» **What to produce**: Within the data below, find the string "features" and return each line where it occurs.

» **The data**:
*** Block opens ***
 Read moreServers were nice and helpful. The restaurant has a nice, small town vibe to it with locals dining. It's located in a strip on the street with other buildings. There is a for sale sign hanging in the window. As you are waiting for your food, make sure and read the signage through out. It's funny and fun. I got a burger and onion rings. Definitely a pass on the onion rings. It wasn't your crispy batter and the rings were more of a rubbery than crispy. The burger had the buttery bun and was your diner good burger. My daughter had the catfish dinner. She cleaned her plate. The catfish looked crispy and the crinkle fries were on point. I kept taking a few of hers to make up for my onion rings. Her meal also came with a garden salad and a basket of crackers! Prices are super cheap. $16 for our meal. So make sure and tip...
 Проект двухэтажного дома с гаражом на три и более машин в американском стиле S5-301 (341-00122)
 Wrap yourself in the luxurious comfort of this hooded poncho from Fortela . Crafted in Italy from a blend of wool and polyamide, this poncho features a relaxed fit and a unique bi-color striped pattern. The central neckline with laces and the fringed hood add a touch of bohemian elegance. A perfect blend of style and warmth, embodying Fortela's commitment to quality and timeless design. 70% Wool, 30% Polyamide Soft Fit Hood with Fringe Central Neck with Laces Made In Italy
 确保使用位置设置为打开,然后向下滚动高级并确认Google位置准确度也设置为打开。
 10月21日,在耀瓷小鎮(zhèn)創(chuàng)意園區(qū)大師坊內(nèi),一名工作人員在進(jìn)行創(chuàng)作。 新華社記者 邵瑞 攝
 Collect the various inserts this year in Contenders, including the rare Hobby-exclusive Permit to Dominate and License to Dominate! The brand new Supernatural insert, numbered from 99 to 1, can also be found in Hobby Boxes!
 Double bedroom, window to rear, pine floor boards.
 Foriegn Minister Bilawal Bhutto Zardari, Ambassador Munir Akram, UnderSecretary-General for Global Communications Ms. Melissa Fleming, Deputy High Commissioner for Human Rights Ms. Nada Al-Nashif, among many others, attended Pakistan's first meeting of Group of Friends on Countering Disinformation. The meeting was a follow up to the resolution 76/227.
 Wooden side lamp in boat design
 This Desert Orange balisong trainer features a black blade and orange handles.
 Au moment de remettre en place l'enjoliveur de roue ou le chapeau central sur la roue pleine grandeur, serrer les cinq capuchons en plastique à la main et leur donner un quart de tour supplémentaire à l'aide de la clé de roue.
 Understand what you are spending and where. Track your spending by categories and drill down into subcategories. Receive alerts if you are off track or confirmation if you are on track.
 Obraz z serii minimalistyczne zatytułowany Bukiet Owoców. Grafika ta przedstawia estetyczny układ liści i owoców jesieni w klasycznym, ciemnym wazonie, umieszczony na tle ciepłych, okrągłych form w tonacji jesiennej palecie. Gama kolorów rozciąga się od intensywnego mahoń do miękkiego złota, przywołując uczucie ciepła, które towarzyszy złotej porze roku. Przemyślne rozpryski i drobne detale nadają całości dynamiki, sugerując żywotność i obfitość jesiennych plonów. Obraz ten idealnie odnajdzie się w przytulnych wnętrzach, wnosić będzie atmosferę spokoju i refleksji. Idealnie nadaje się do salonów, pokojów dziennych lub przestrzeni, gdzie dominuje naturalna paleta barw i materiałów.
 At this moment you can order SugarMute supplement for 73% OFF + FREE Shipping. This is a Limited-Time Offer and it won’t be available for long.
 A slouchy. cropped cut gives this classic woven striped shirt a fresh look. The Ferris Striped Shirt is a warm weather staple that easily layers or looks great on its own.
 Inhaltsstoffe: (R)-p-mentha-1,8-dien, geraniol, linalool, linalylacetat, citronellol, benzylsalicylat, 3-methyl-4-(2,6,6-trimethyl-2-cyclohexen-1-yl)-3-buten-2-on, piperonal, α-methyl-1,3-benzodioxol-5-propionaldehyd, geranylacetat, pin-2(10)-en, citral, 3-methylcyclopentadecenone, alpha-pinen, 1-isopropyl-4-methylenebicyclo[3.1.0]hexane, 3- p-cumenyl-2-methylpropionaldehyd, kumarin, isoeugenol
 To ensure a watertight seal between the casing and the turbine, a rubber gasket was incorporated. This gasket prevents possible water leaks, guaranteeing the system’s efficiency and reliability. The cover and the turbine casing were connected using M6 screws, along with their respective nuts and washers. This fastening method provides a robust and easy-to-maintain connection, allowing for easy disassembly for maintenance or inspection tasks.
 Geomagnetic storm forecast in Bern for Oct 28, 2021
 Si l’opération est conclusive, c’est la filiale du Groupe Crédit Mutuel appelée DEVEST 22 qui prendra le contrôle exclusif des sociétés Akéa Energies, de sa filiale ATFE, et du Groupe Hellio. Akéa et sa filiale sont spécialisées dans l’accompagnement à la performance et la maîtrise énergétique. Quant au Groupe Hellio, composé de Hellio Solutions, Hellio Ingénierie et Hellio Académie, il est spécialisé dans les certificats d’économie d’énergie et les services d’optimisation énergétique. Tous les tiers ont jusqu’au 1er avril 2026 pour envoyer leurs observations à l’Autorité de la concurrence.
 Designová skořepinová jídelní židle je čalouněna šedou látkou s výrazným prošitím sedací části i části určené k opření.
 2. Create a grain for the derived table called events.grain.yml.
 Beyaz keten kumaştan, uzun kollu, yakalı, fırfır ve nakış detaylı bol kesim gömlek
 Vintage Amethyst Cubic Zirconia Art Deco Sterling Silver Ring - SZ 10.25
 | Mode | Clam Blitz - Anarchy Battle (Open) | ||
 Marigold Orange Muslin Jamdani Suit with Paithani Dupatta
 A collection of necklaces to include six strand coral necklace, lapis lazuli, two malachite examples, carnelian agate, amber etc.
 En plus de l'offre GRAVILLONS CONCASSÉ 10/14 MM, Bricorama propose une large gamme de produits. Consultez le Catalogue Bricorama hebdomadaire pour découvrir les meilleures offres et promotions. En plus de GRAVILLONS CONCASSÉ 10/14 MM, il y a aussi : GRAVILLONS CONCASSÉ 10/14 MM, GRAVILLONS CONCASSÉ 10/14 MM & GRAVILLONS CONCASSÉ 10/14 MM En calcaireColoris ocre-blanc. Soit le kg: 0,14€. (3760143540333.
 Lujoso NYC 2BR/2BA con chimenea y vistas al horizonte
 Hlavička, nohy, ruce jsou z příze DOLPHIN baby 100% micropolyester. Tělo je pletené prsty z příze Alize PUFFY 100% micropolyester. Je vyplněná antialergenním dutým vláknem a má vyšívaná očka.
*** Block closes ***
» **Answer to this exercise**:
 Wrap yourself in the luxurious comfort of this hooded poncho from Fortela . Crafted in Italy from a blend of wool and polyamide, this poncho features a relaxed fit and a unique bi-color striped pattern. The central neckline with laces and the fringed hood add a touch of bohemian elegance. A perfect blend of style and warmth, embodying Fortela's commitment to quality and timeless design. 70% Wool, 30% Polyamide Soft Fit Hood with Fringe Central Neck with Laces Made In Italy
 This Desert Orange balisong trainer features a black blade and orange handles.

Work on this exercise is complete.